## Work required
Nothing but the lines from the one with "Bonito babydoll con" through the final line of the entries should appear in the answer, copied exactly and without pictures.

━━━━━━━━

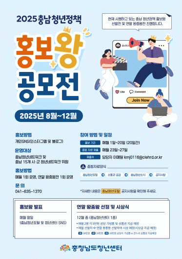 [HKSÇàÁ¤¹æ¼Û]Ãæ³²Ã»³â¼¾ÅÍ(¼¾ÅÍÀå °ÇöÁ¤)´Â 2025³â ¿À´Â 8¿ùºÎÅÍ 12¿ù±îÁö ¡®2025 Ãæ³² û³âÁ¤Ã¥ È«º¸¿Õ °ø¸ðÀü¡¯À» °³ÃÖÇÑ´Ù. À̹ø °ø¸ðÀüÀº Ãæ³² û³âµéÀÌ Á÷Á¢ û³âÁ¤Ã¥À» È«º¸Çϰí, À̸¦ ÅëÇØ ´õ ¸¹Àº û³âÀÌ Á¤Ã¥¿¡ °ü½ÉÀ» °¡Áú ¼ö ÀÖµµ·Ï ÇÏ´Â ÃëÁö¿¡¼ ±âȹµÆ´Ù.
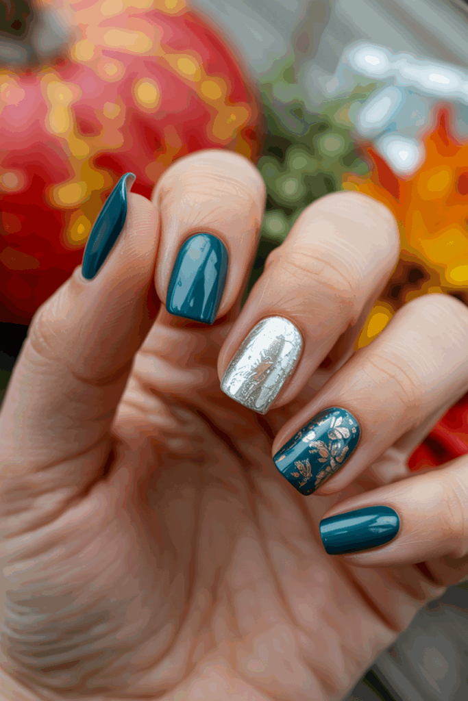 For those who love a bit of sparkle, this nail idea is a must-try. The shiny silver foil catches the light, making your nails stand out even more. Pair this look with simple jewelry to let your nails take center stage. Whether you’re heading to a party or just want to feel fabulous, teal and silver foil nails will definitely do the trick!
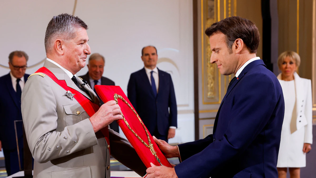 وأعلن رئيس المجلس الدستوري لوران فابيوس فوز ماكرون في الدورة الثانية التي جرت في 24 أبريل الماضي، أمام مرشحة اليمين المتطرف مارين لوبن بحصوله على 58.55% من الأصوات؛ ومن ثم قُلد قلادة جوقة الشرف.
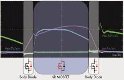 除了RDS(ON)和QG之外,同步整流結(jié)構(gòu)中的其它參數(shù),如體二極管反向恢復(fù)、內(nèi)部柵極阻抗以及MOSFET的輸出電荷(QOSS),現(xiàn)在也變得更具相關(guān)性。在開關(guān)頻率和輸出電流較高時,這些損耗元件的重要性便更為明顯。飛兆半導(dǎo)體的中壓MOSFET產(chǎn)品現(xiàn)在開始針對二極管反向恢復(fù)以及輸出電容的最小化進(jìn)行優(yōu)化。
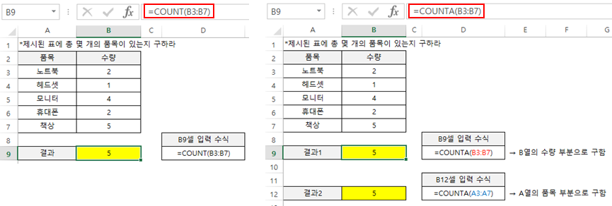 해당 예제는 두 함수를 이용해 위와 같이 풀 수 있으며, COUNT 함수는 숫자만 셀 수 있으므로 숫자가 표시된 B열의 수량을 범위로 지정해야 됩니다.
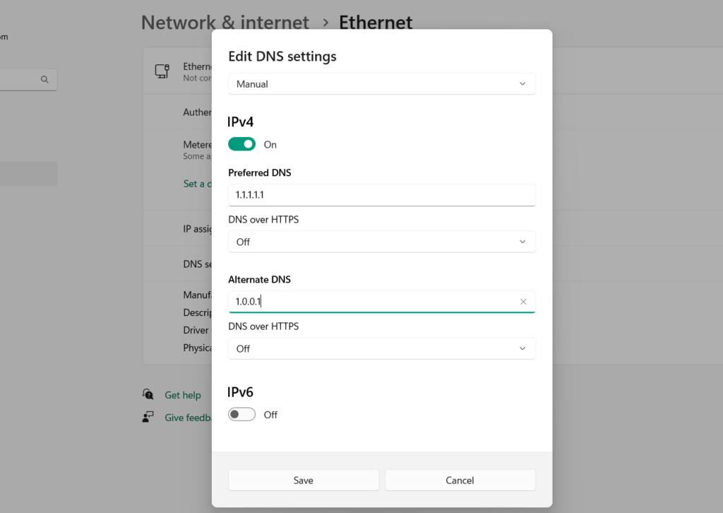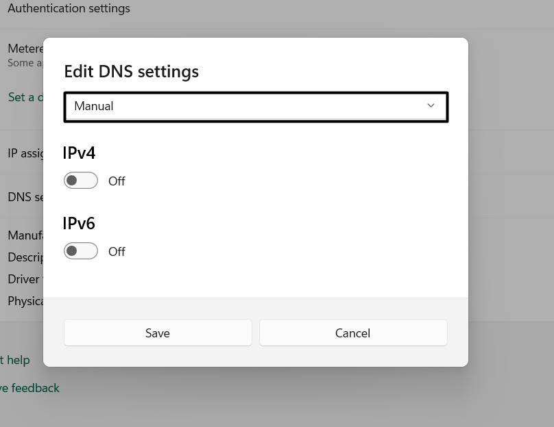 3.ASzerkessze a DNS-beállításokatprompt, válassza kiKézikönyvmenüből, majd engedélyezze aIPv4opció.
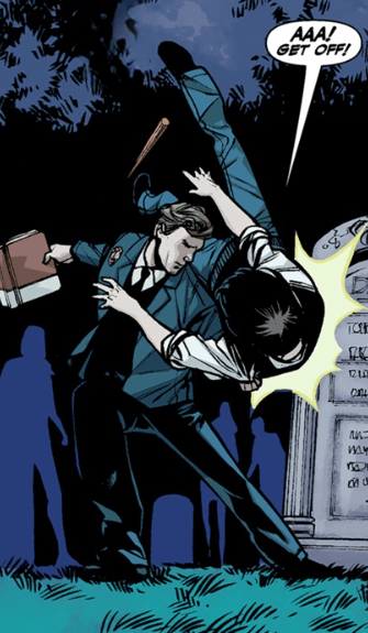 He trips his pursuer as he jumps over a gravestone, smacking him into the stone with help from his heavy volumes. “One. Telling the undead to die is an oxymoron. Two. I’m very much alive, no thanks to your idiocy. And three. Pay bloody attention to the task, Phillip!”
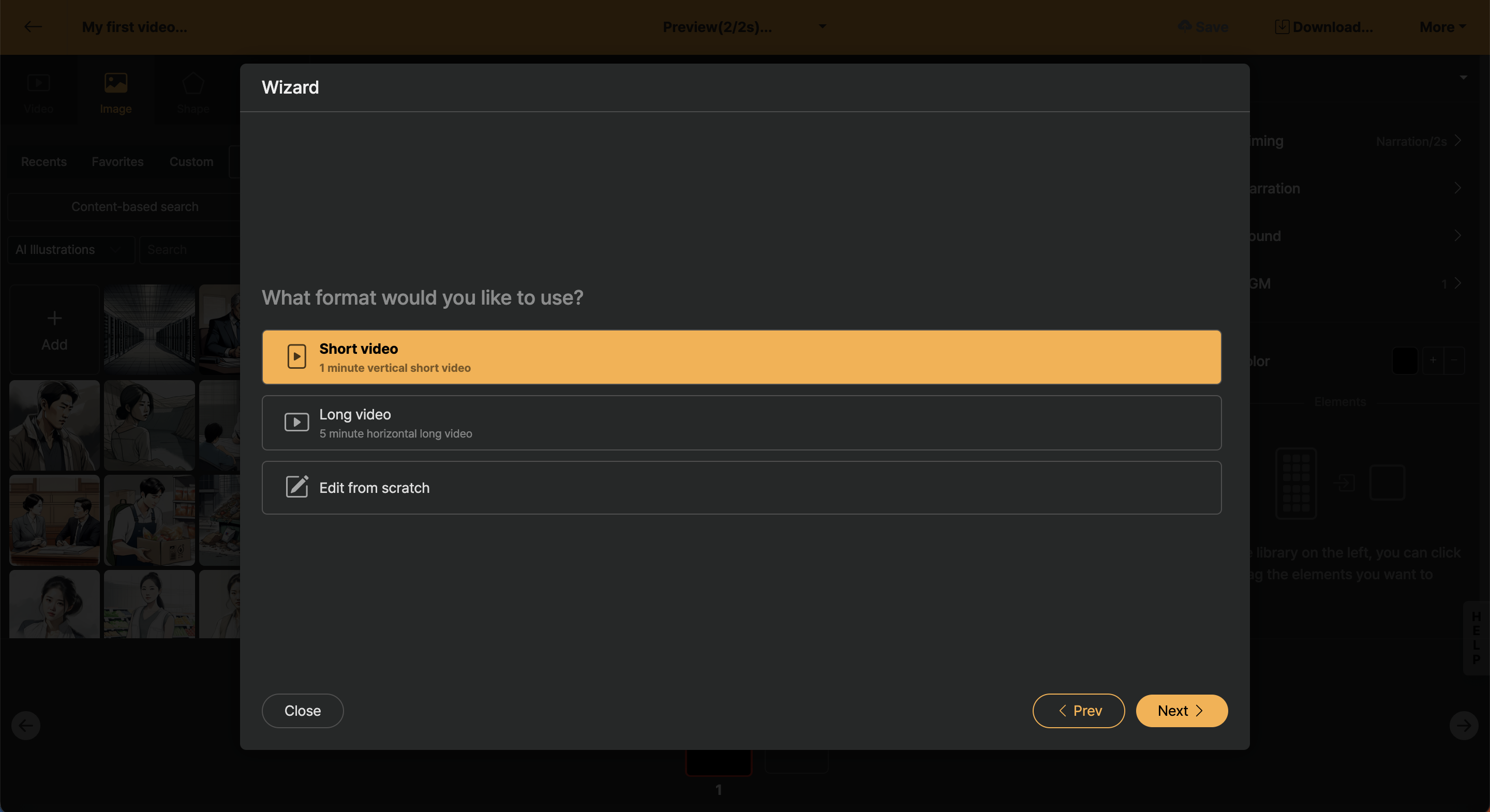 In the next screen, you will adjust the aspect ratio of the video you are going to make. For now, select Short video and proceed to the next step.
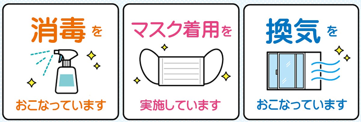 *換気機能付きエアコンを使っての換気、適時窓を開放しての換気をおこなっております。
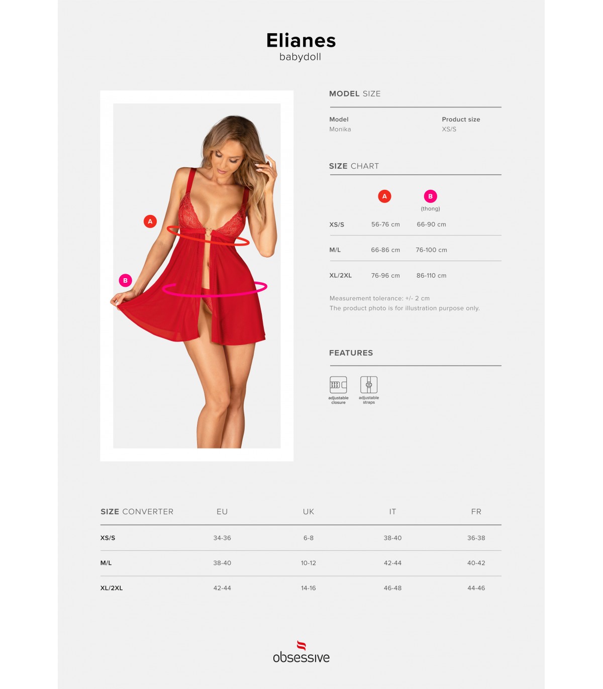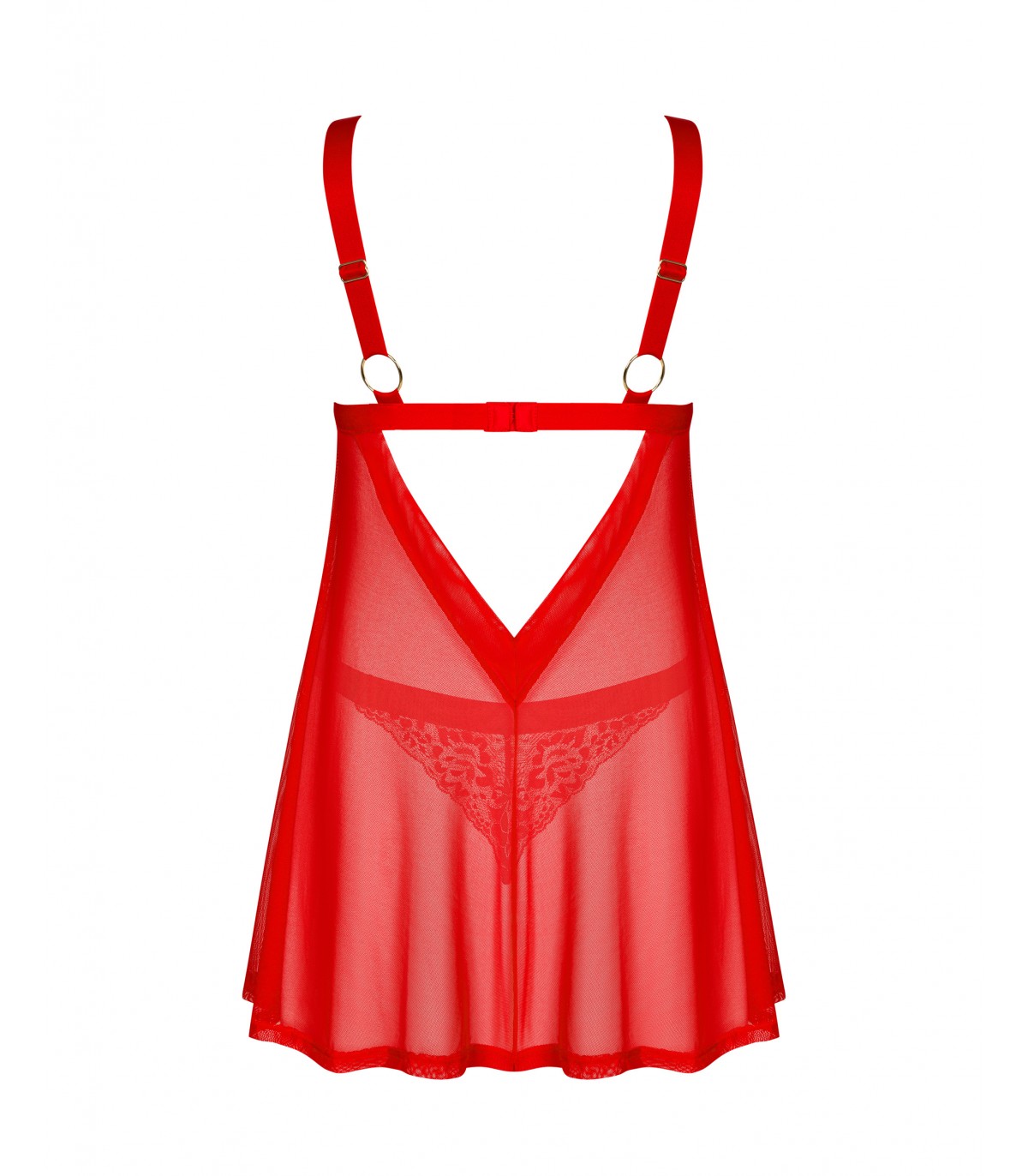 Bonito babydoll con transparencias en el pecho diseñado en color rojo pasión.
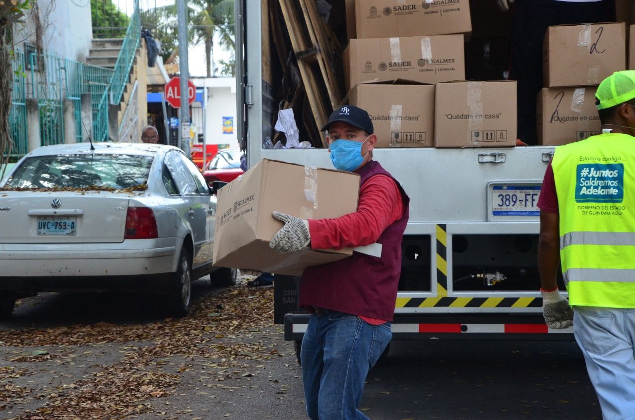 A través de brigadas, del gobierno estatal y municipal, las despensas llegan a las puertas de sus domicilios para garantizar que la gente se quede en casa y evitar la propagación del Covid-19.
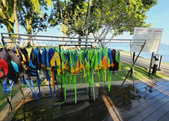 수영장 주변에는 안전을 위한 구명조끼와 튜브 같은 시설도 잘 준비되어 있어 물놀이를 즐기려는 분들에게는 안성맞춤이었습니다.
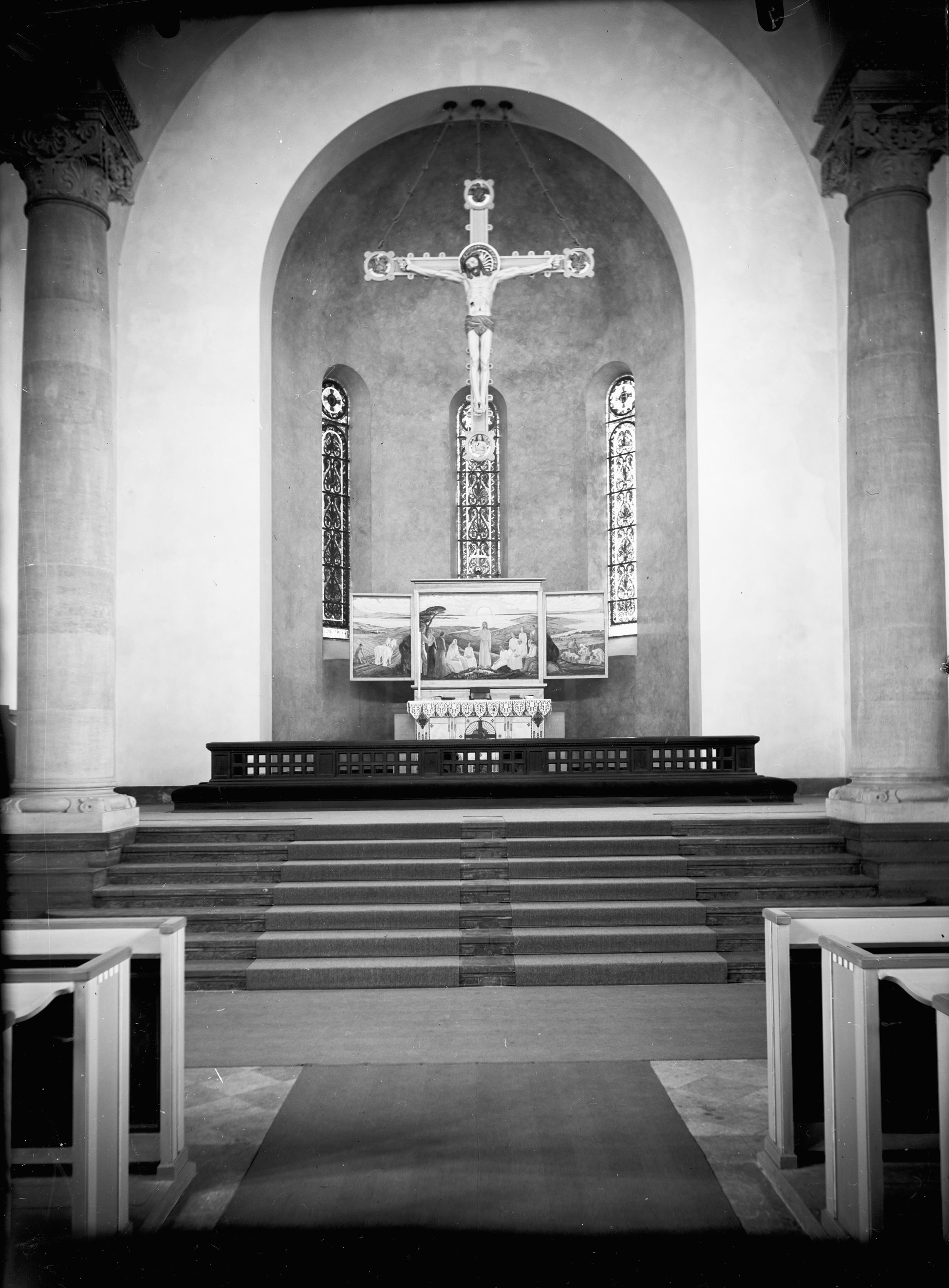 Beskrivning: Koret, altare, altarring. Efter restaurering
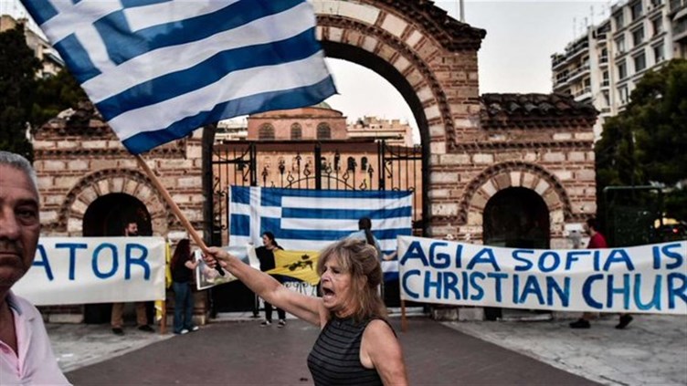 وكان الانتقاد اليوناني لتحويل الموقع الأثري شديدا على نحو أبرز توتر العلاقات بين البلدين. ودقت أجراس الكنائس حدادا في أنحاء اليونان أمس الجمعة بينما كان الرئيس التركي رجب طيب أردوغان يؤدي الصلاة ضمن حشود المصلين بالمكان.
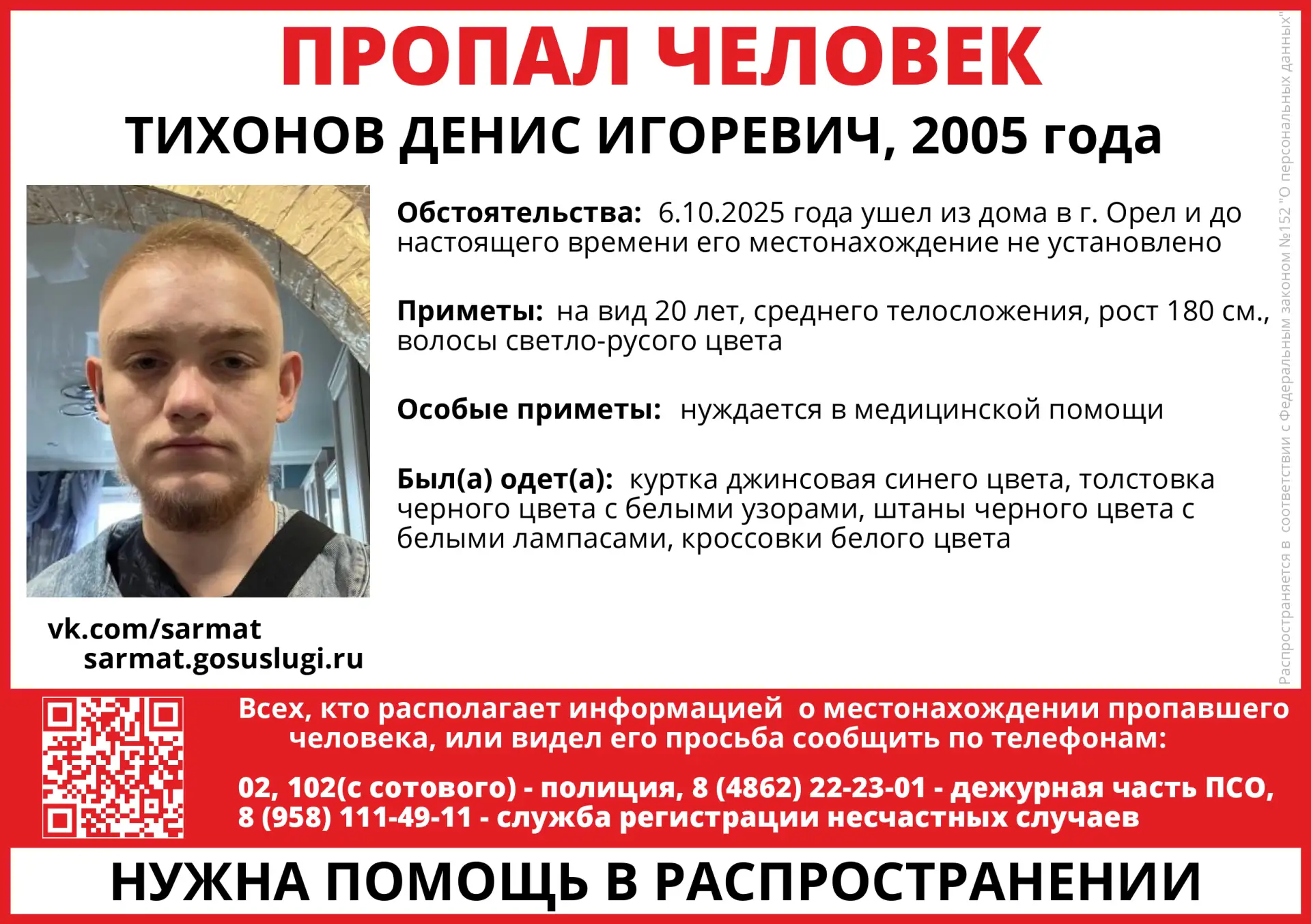 ОП №3 (по Северному району) УМВД России по г. Орлу устанавливается местонахождение Тихонова Дениса Игоревича 05.03.2005 года рождения, который 6.10.2025 года ушел из дома в г. Орел и до настоящего времени его местонахождение не установлено. Нуждается в медицинской помощи.

━━━━━━━━

## Answer area
 Bonito babydoll con transparencias en el pecho diseñado en color rojo pasión.
 A través de brigadas, del gobierno estatal y municipal, las despensas llegan a las puertas de sus domicilios para garantizar que la gente se quede en casa y evitar la propagación del Covid-19.
 수영장 주변에는 안전을 위한 구명조끼와 튜브 같은 시설도 잘 준비되어 있어 물놀이를 즐기려는 분들에게는 안성맞춤이었습니다.
 Beskrivning: Koret, altare, altarring. Efter restaurering
 وكان الانتقاد اليوناني لتحويل الموقع الأثري شديدا على نحو أبرز توتر العلاقات بين البلدين. ودقت أجراس الكنائس حدادا في أنحاء اليونان أمس الجمعة بينما كان الرئيس التركي رجب طيب أردوغان يؤدي الصلاة ضمن حشود المصلين بالمكان.
 ОП №3 (по Северному району) УМВД России по г. Орлу устанавливается местонахождение Тихонова Дениса Игоревича 05.03.2005 года рождения, который 6.10.2025 года ушел из дома в г. Орел и до настоящего времени его местонахождение не установлено. Нуждается в медицинской помощи.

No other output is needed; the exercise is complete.